= The Mitre Law =

Argentinian law (passed 1907)

The Mitre Law, or Ley 5315 is a law passed in Argentina in 1907. The law overall did not enact any new principals, but its purpose was to justify and simplify the concession laws and overall regulations in Argentina with regard to the railroad industry. It was more of a gesture to foreign investors that had initially invested in building the Argentinian railroad system in the 19th century. The rail industry was very profitable for foreign investors in the 20th century, and the Mitre Law ensured that similar regulations would be continued and thus Argentina hoped for increased investment into their developing economy. it had the effect of an increase in foreign investments in railroads notably from British companies. Since Argentina lacked the iron and coal resources that were essential to an expanding economy during the industrial revolution, the Argentinian government had to offer generous deals with foreign investors because of the lack of such resources. The law permitted all railway companies, and not just foreign owned ones, to import most of their raw materials tax-free.
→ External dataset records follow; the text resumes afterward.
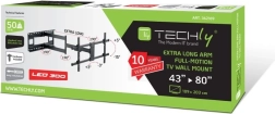De Techly muurbeugel is ontworpen voor gebruikers die een veilige en flexibele oplossing zoeken voor wandmontage van hun televisie. Geschikt voor tv’s met een diagonaal van 43" tot 80" en een maximaal gewicht tot 50 kg. Dankzij de verlengde arm met een bereik tot 1015 mm kunt u de positie van de tv eenvoudig aanpassen aan uw wensen.
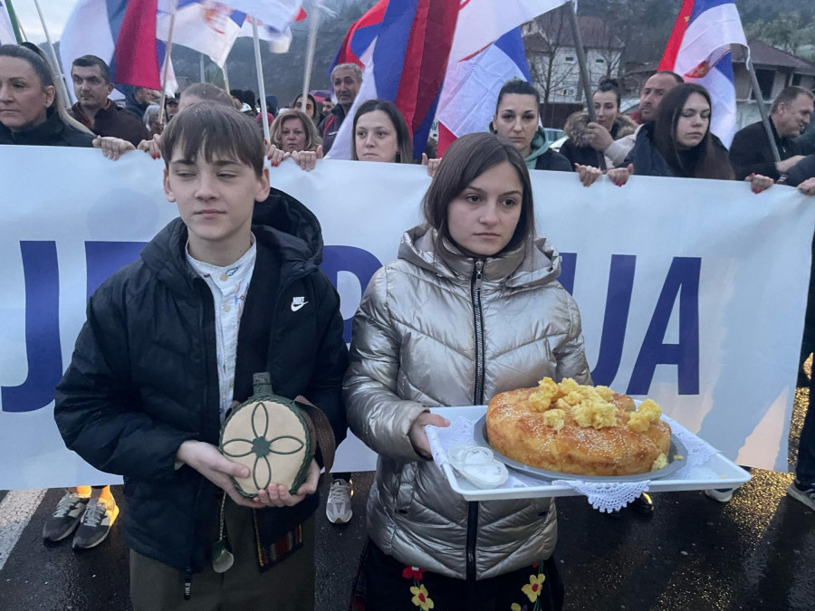 SO I POGAČA PO SRPSKIM OBIČAJIMA Građani Ušća dočekali Srbe sa Kosmeta koji pešače do Beograda (FOTO/VIDEO)
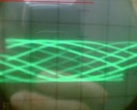 Es kann sein, daß auf dem Strahl noch eine Modulationskurve zu sehen ist (bei höherer Verstärkung), die aber nicht darstellbar ist, weil der Trigger nicht weiß, wo er triggern soll.
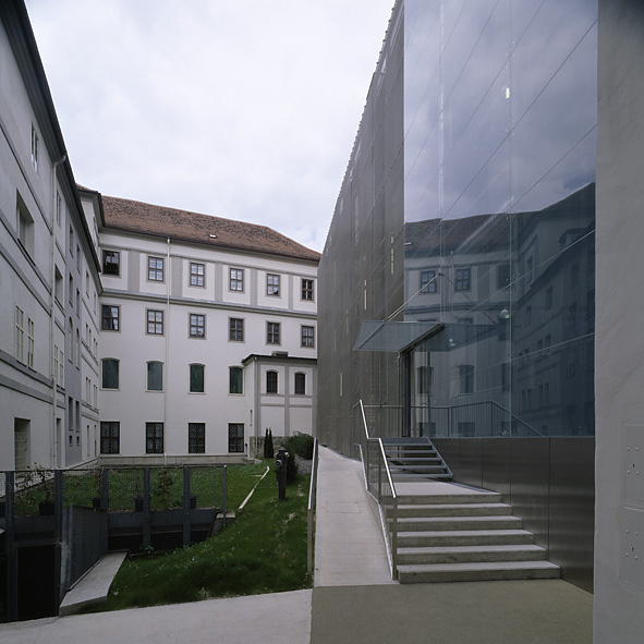 Seit der Entscheidung im Wettbewerbsverfahren Ende 1999, ist nach einer intensiven Phase der Erforschung, Analyse und denkmalpflegerischen Befundung, sensiblen Planung und EU-weiter Ausschreibung ein Musterbeispiel für die Revitalisierung einer historisch wertvollen Bausubstanz realisiert worden, das gerade durch seine Situierung im Ensemble der Stadtkrone von Graz von herausragender Bedeutung ist. Der Gebäudekomplex aus dem 17 Jh. hat in seiner 400-jährigen Geschichte – von 1607 bis 1773 als Aula, von 1781 bis 1905 als Universitäts-Bibliothek und von 1905 bis 2000 als Landesarchiv – jeweils als Hort des Wissens und der Wissensvermittlung gedient.
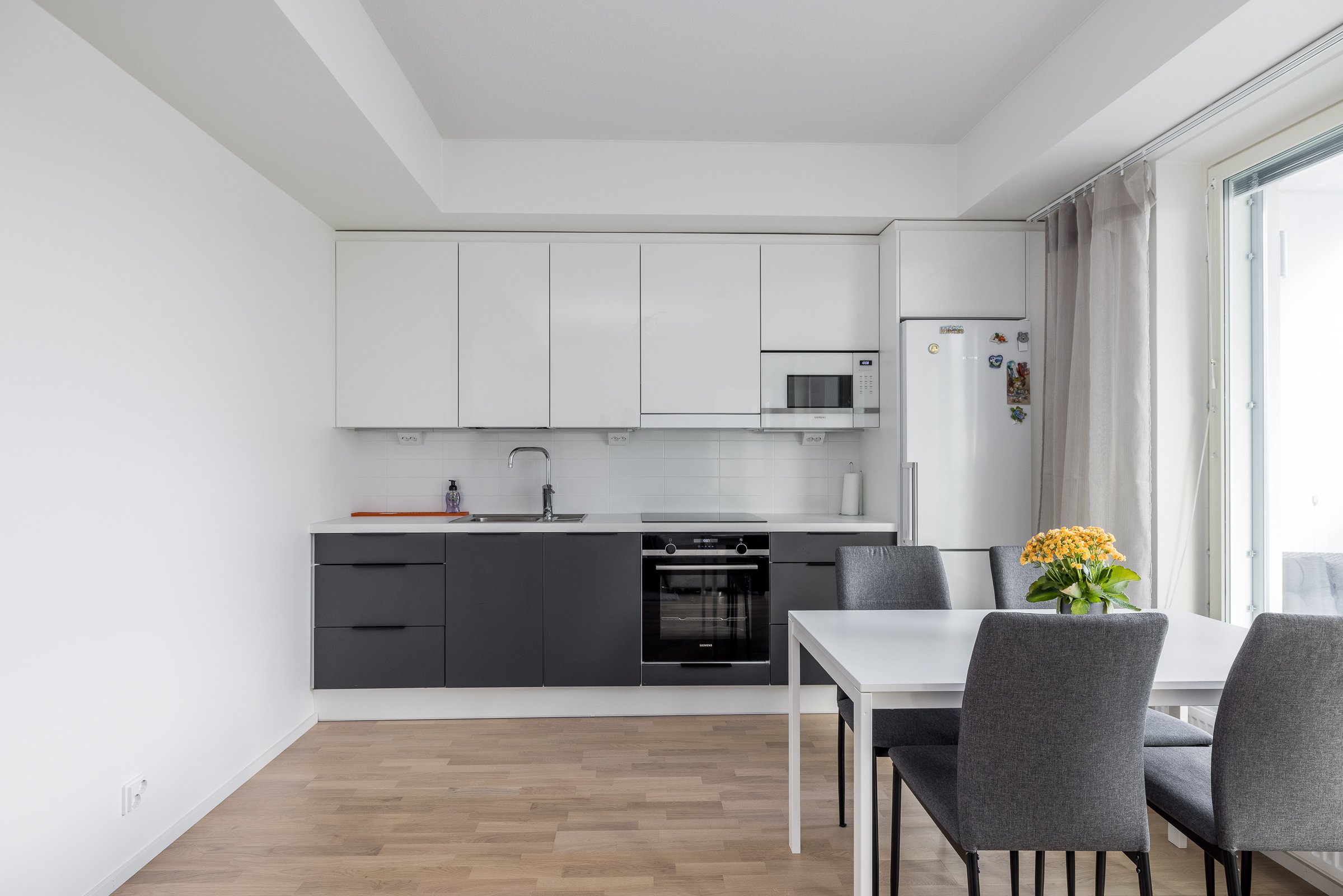 Asunnossa on laadukkaat Puustellin keittiökalusteet ja Siemensin kodinkoneet. Lattiat ovat kaunista tammiparkettia.
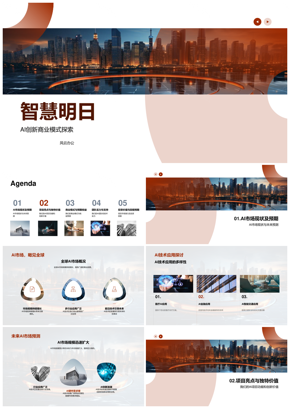 风云办公提供的全球AI市场技术创新与商业模式预测PPT模板,下载格式为pptx,一共23页,作品中文字及图均可以修改和编辑,图片更改请在作品中右键图片并更换,文字修改请直接点击文字进行修改。
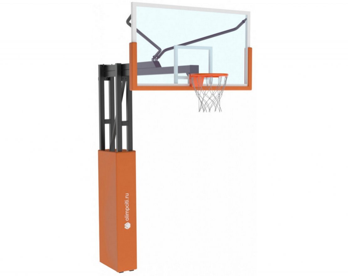 Стойка баскетбольная усиленная представляет собой сборную конструкцию, состоящую из опорной стойки, балки и двух стяжек. Стойка устанавливается на площадке путём бетонирования и предназначена для крепления баскетбольного щита с кольцом. Крепление балки к столбу осуществляется при помощи болтовых соединений.
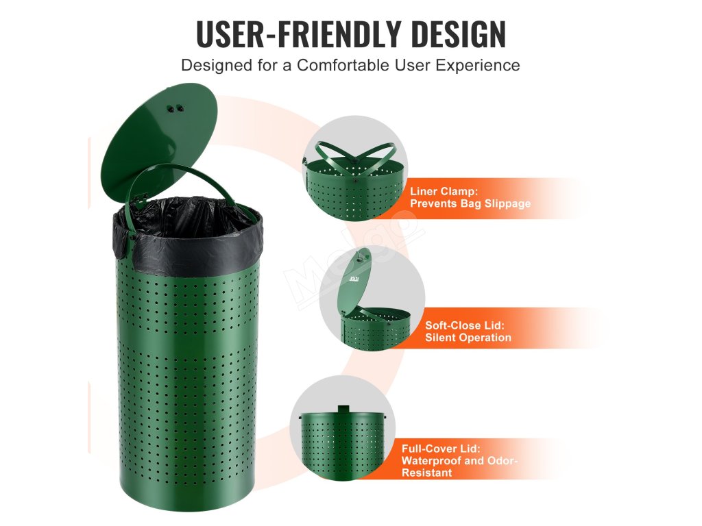 Náš uzavretý odpadkový kôš udrží pachy na uzde, čím zabezpečí, že váš priestor zostane bez škvŕn a svieži - nikto nechce mať smradľavý dvor!

== Criticisms of the Mitre Law ==

The Mitre Law follows similar practices of Liberalism in other Latin American countries, meaning opening their economies to European countries such as Great Britain, and France, also including lower tax rates to promote business growth. The Mitre Law included a clause that ensured that a 3% tax on net profits from the rail industry would go back to rebuilding and maintaining stations across Argentina. Investors however did not like this tax, even though low, it would slow profitability over time.